__Exercise__: Transcribe nothing except the lines below that run from the one with "Tổ chức Giáo" to the one with "Upholstered Scalloped Platform", ends included, and do not copy any picture.

__Record excerpts__:
◆ ◆ ◆ ◆

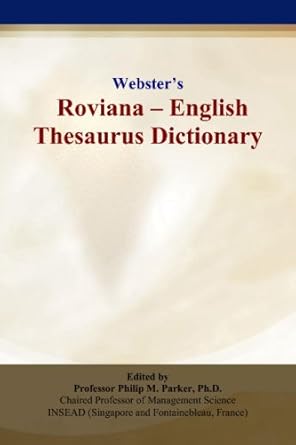 The goal of Webster’s Online Dictionary is to give all people of the world free access to a complete mapping of all known words to and from all written languages. In fulfillment of this goal, Webster’s Online Dictionary (www.websters-online-dictionary.org) also offers as much information as possible for each word, including definitions, translations, images, trade name usage, quotations, and encyclopedic knowledge. The proceeds generated by the sale of this Roviana–English thesaurus dictionary as well as other books extracted from the project will be used to augment the contents of the Webster’s Online Dictionary. —- ISBN: 9780497836856 | ISBN10: 0497836858 | ISBN-13: 978-0497836856
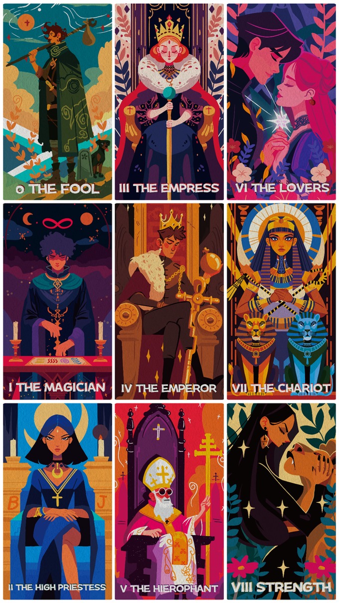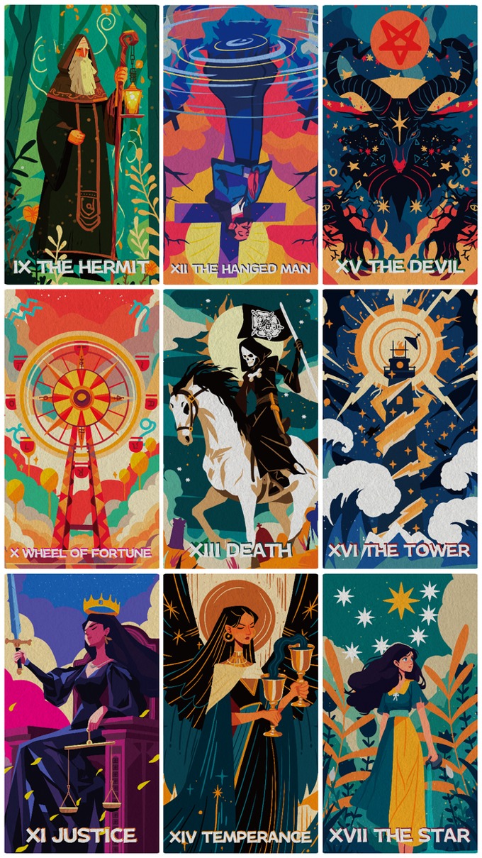 For our card design, we’re embracing a flat illustration style that balances bold, vibrant colors with a clean, elegant simplicity. Each card features a minimalistic outline, crafted to capture layers of meaning through subtle details, letting complex themes and symbols emerge without overwhelming the eye. Under the moonlight, life pulses, and dimensions intertwine, revealing a vast and mystical world. We approach it with humility, embracing the awe it inspires. In the illusion of time, love stands as our sole, unchanging truth.
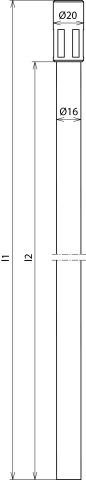 Zachytávacie tyče na inštaláciu oddialeného zachytávacieho zariadenia na rovných strechách. Jímače sa upevňujú pomocou klinku do betónových podstavcov.Pri výpočte dostatočnej vzdialenosti (dĺžky dištančných tyčí) treba uvažovať s koeficientom materiálu km
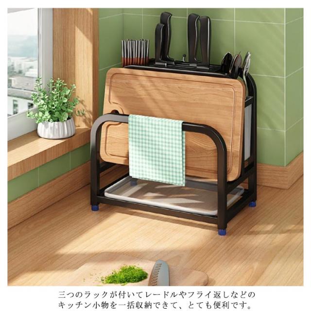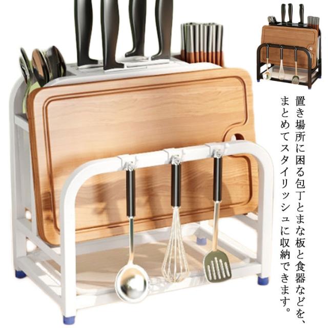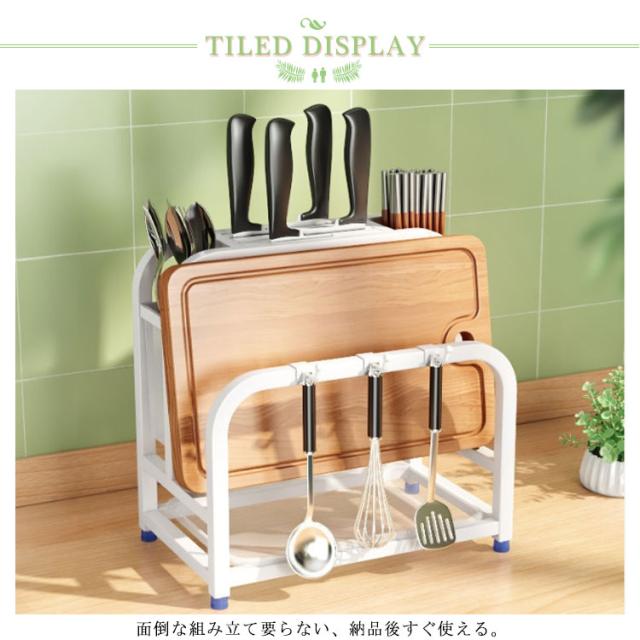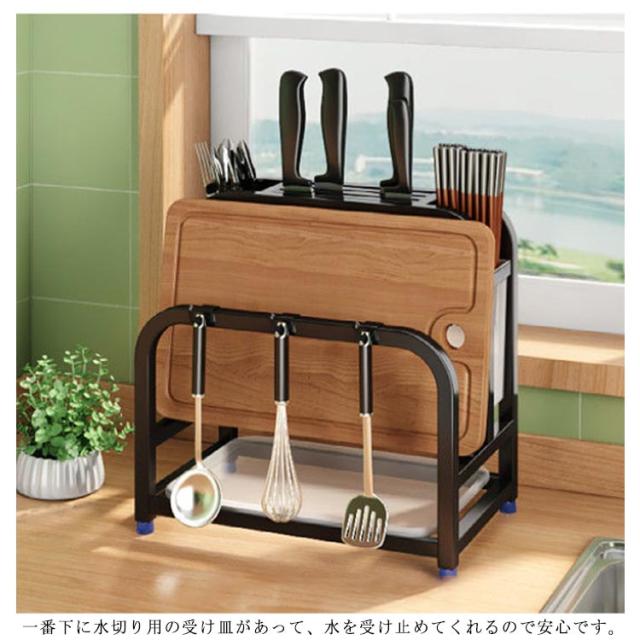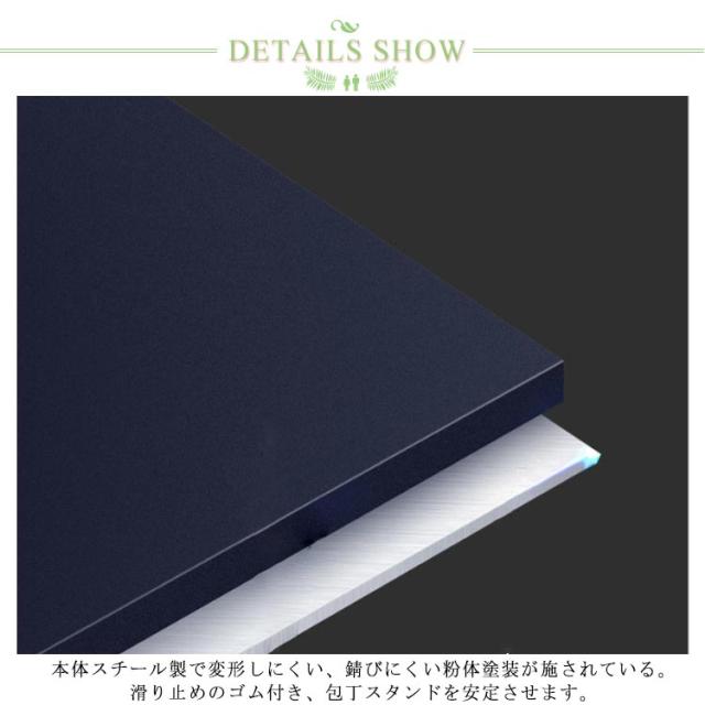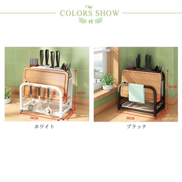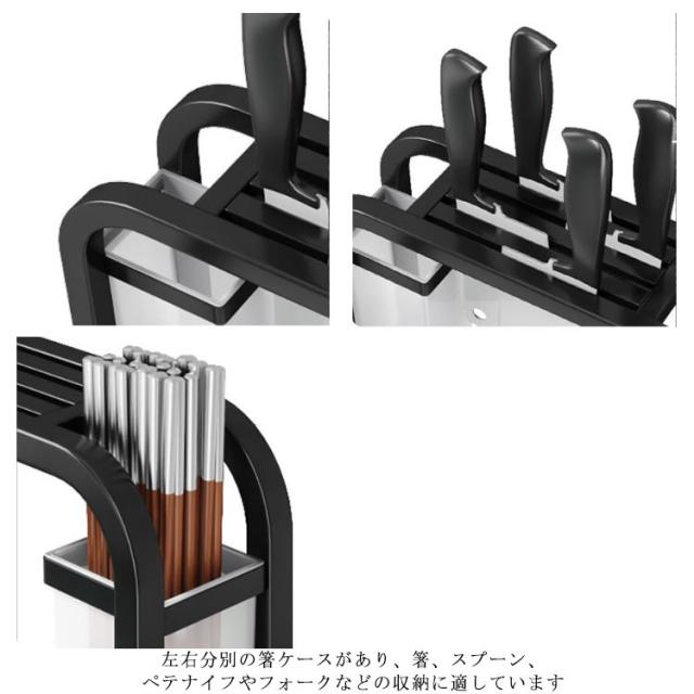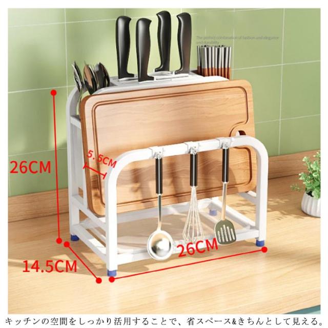 | 置き場所に困る包丁とまな板と食器などを、まとめてスタイリッシュに収納できます。 面倒な組み立て要らない、納品後すぐ使える。 本体スチール製で変形しにくい、錆びにくい粉体塗装が施されている。滑り止めのゴム付き、包丁スタンドを安定させます。 左右分別の箸ケースがあり、箸、スプーン、ペテナイフやフォークなどの収納に適しています 三つのラックが付いてレードルやフライ返しなどのキッチン小物を一括収納できて、とても便利です。 一番下に水切り用の受け皿があって、水を受け止めてくれるので安心です。 キッチンの空間をしっかり活用することで、省スペース&きちんとして見える。 | |
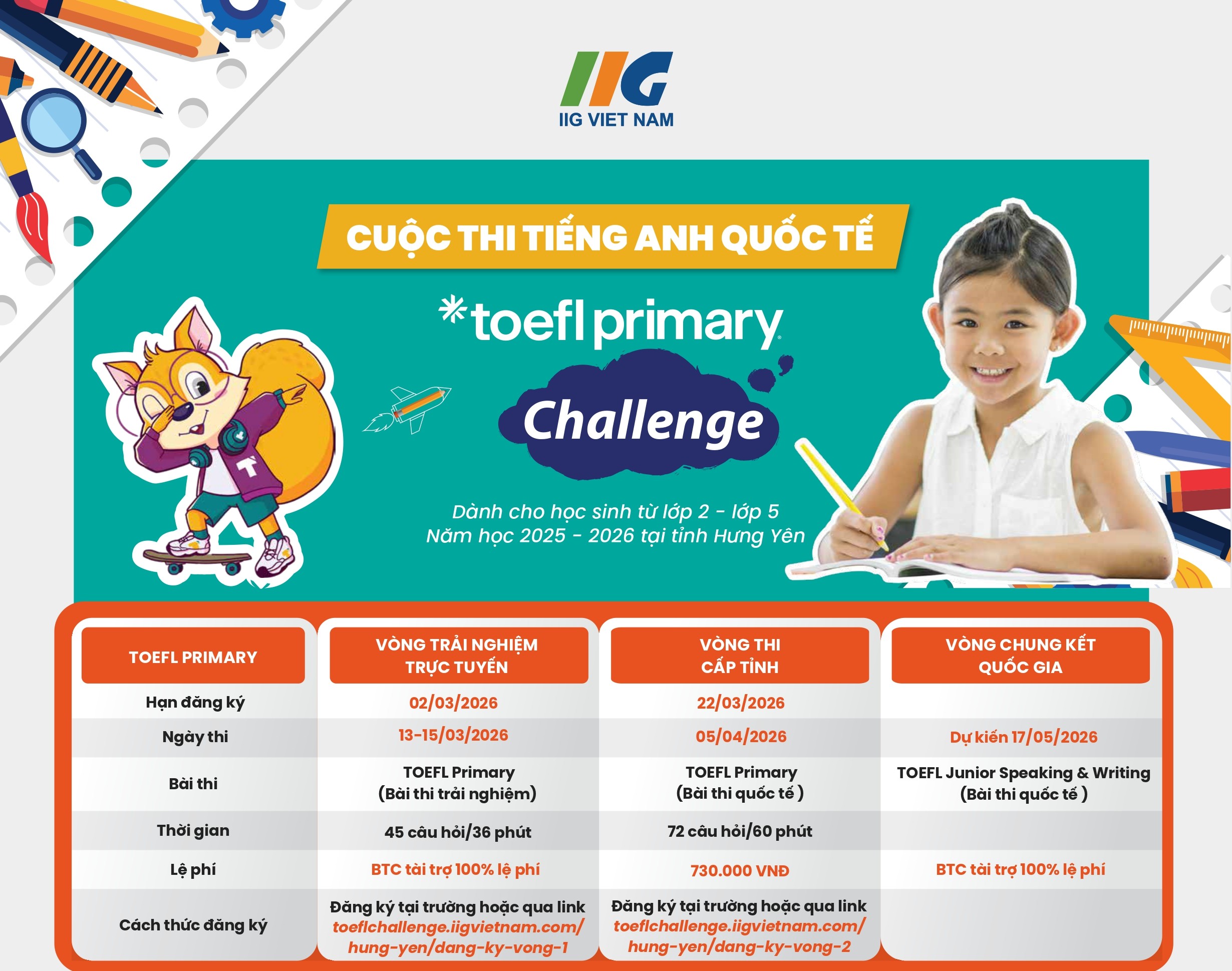 Tổ chức Giáo dục IIG Việt Nam – Đại diện Quốc gia của Viện Khảo thí Giáo dục Hoa Kỳ (ETS) phát động cuộc thi tiếng Anh quốc tế TOEFL Challenge năm học 2025-2026 dành cho học sinh từ lớp 2-9 trên toàn tỉnh.
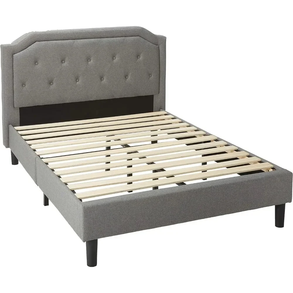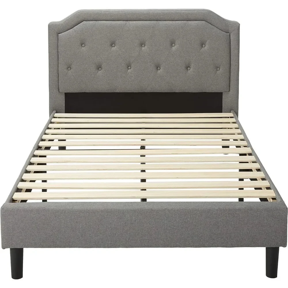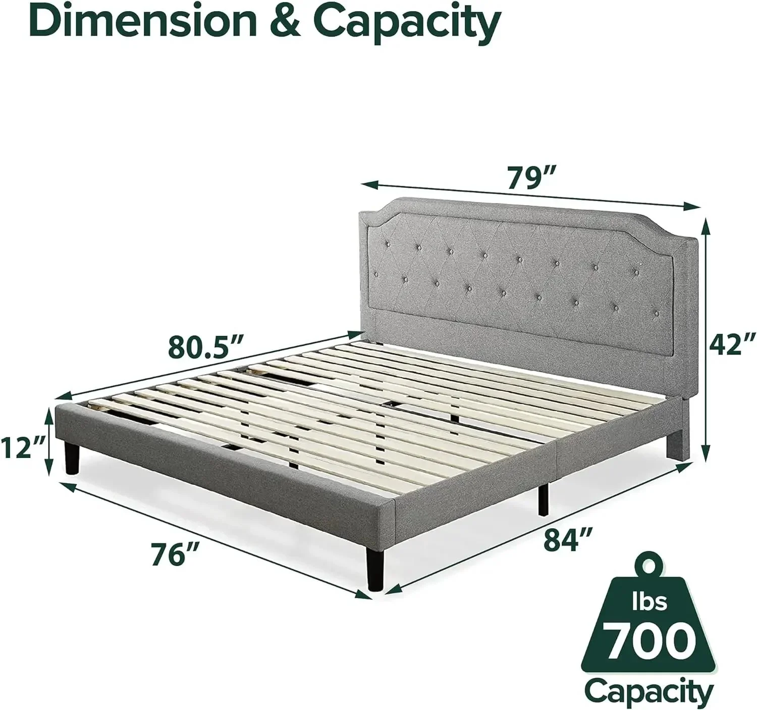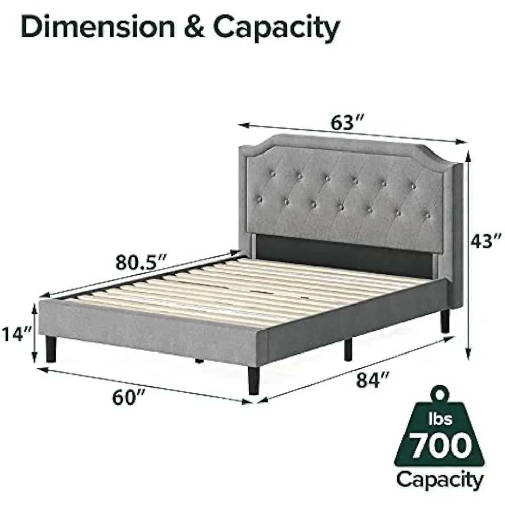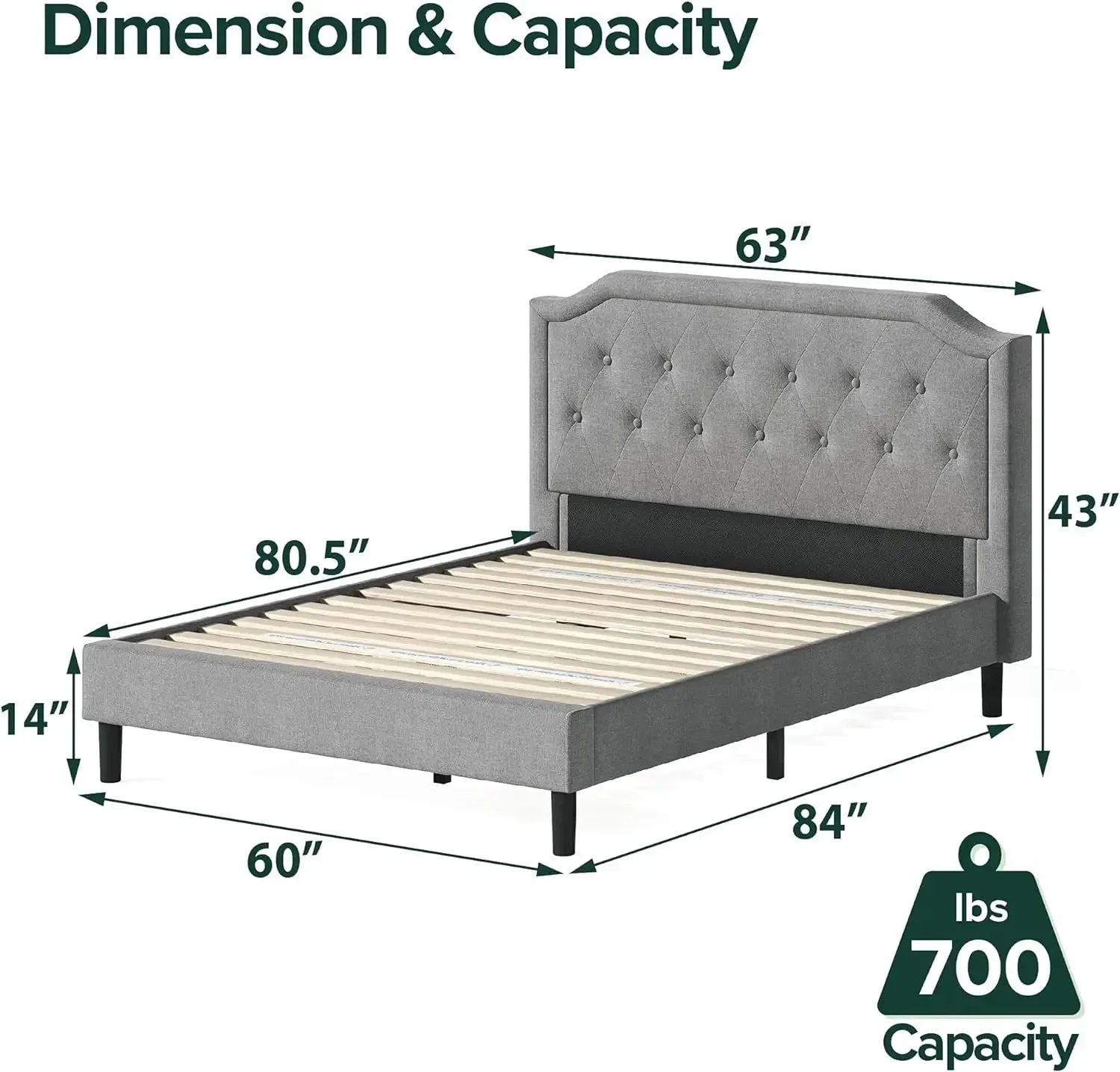 Upholstered Scalloped Platform Bed Frame / Mattress Foundation / Wood Slat Support / No Box Spring Needed / Easy Assembly
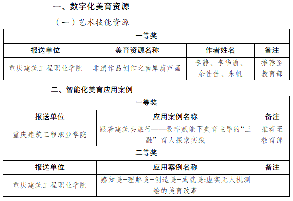 近日,重慶市教育委員會公布2025年度數(shù)字化美育資源和智能化美育應(yīng)用案例遴選結(jié)果,我校推報的3項作品憑借鮮明的專業(yè)特色和扎實(shí)的育人成效全部獲獎。其中數(shù)字化美育資源(藝術(shù)技能資源類)一等獎1項,智能化美育應(yīng)用案例一等獎1項、二等獎1項。財經(jīng)商貿(mào)學(xué)院《非遺作品創(chuàng)作之南岸葫蘆畫》、數(shù)字設(shè)計學(xué)院《跟著建筑去旅行——數(shù)字賦能下美育主導(dǎo)的“三融”育人探索實(shí)踐》2項作品被推薦至教育部參加評選,充分彰顯了我校美育工作的育人成果和創(chuàng)新活力。

◆ ◆ ◆ ◆

__Response__:
 Tổ chức Giáo dục IIG Việt Nam – Đại diện Quốc gia của Viện Khảo thí Giáo dục Hoa Kỳ (ETS) phát động cuộc thi tiếng Anh quốc tế TOEFL Challenge năm học 2025-2026 dành cho học sinh từ lớp 2-9 trên toàn tỉnh.
 Upholstered Scalloped Platform Bed Frame / Mattress Foundation / Wood Slat Support / No Box Spring Needed / Easy Assembly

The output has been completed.